■ **TASK OBJECTIVE**:
Extract only the first line of the listing and every line after it up to and including the one with "在宴會上,奧巴馬與卡爾德龍為". Omit the pictures.

■ **DATA SECTION**:
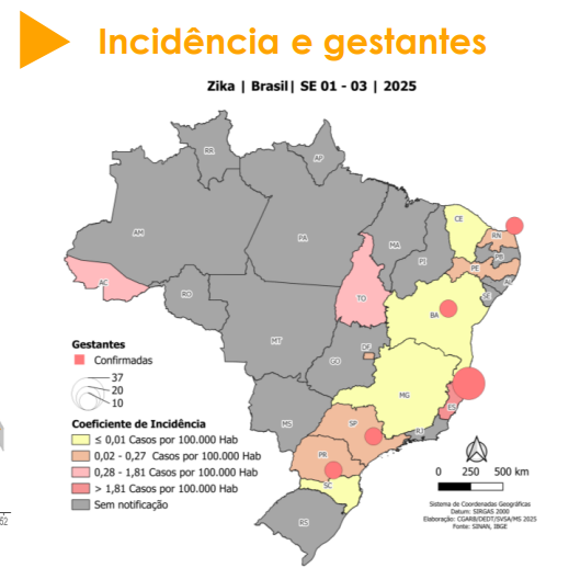 Mapa de incidência da Zika/ Imagem: Ministério da Saúde
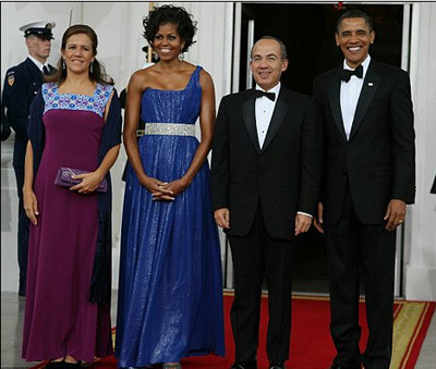 在宴會上,奧巴馬與卡爾德龍為兩國友誼互相祝酒。此次國宴,奧巴馬夫婦再次邀請了他們喜歡的高級廚師里克·貝雷斯準備菜肴。
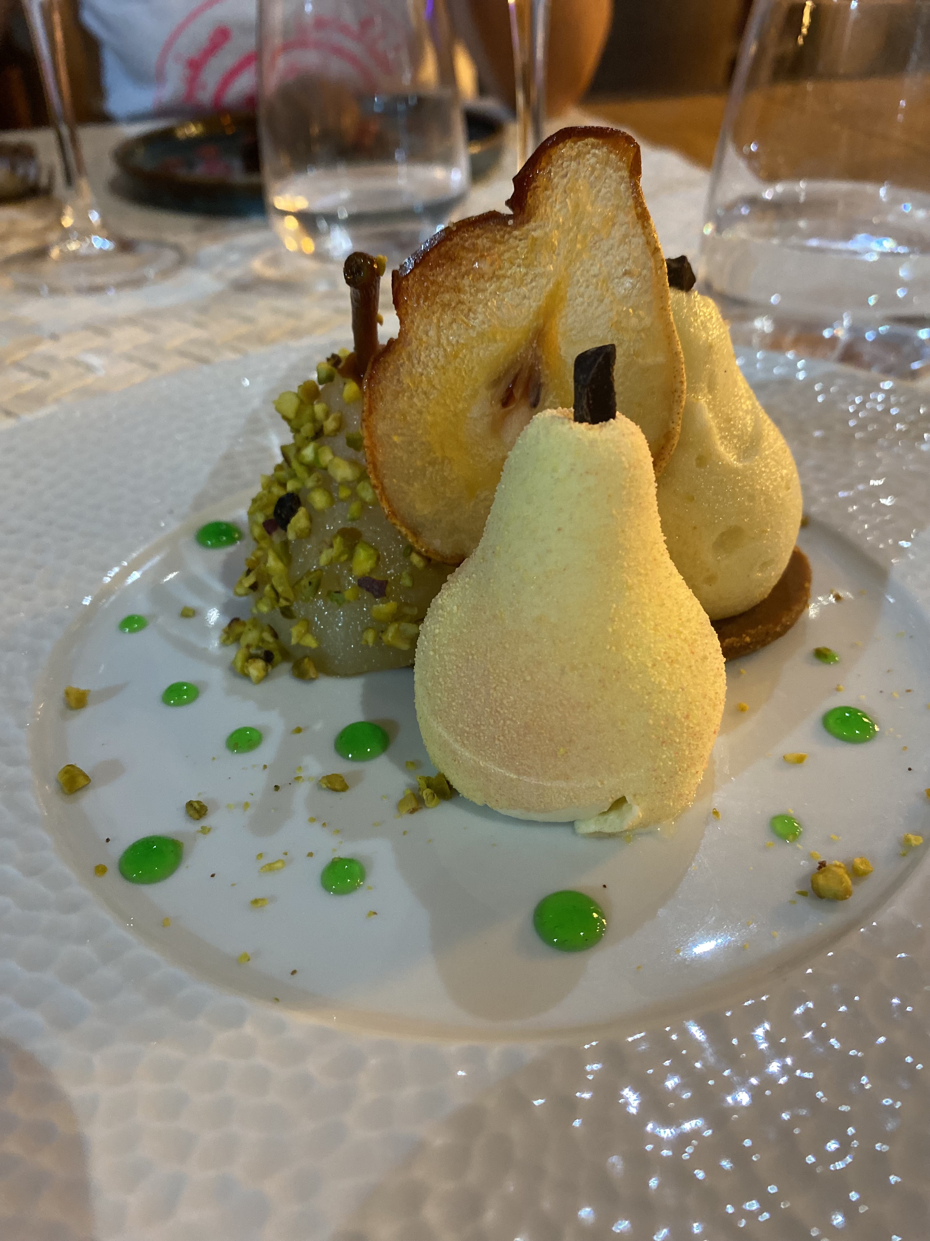 Inattendu, surprenant, charmant! Bâtiment ancien, en face du château. Poutres et plafond haut. Grand tableau Land-Art qui vaut le coup d'œil ! Serveuse très agréable et souriante malgré le masque ! Nous étions 4. Repas raffiné. Eau bio... en quelque sorte... rafraîchissante servie dans une jolie bouteille estampillé du nom du restaurant. J'ai pris les Linguines... à manger avec les yeux... Pour le dessert, je conseille, pour les amoureux du chocolat, une Cabosse... juste fondant, délicieux ! La cheffe est sympa, et le patron aussi ! Trop classe!
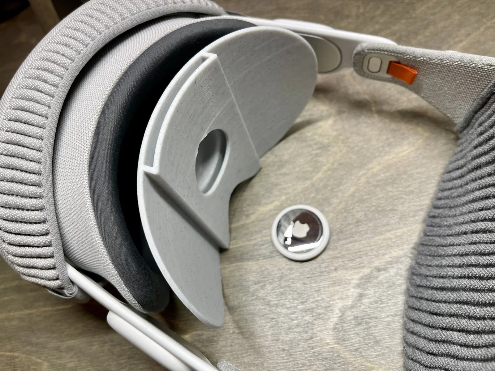 Vì Vision Pro không có hỗ trợ “Find My”, nên mình cũng tích hợp luôn một khe để gắn AirTag.

■ **RESPONSE AREA**:
 Mapa de incidência da Zika/ Imagem: Ministério da Saúde
 在宴會上,奧巴馬與卡爾德龍為兩國友誼互相祝酒。此次國宴,奧巴馬夫婦再次邀請了他們喜歡的高級廚師里克·貝雷斯準備菜肴。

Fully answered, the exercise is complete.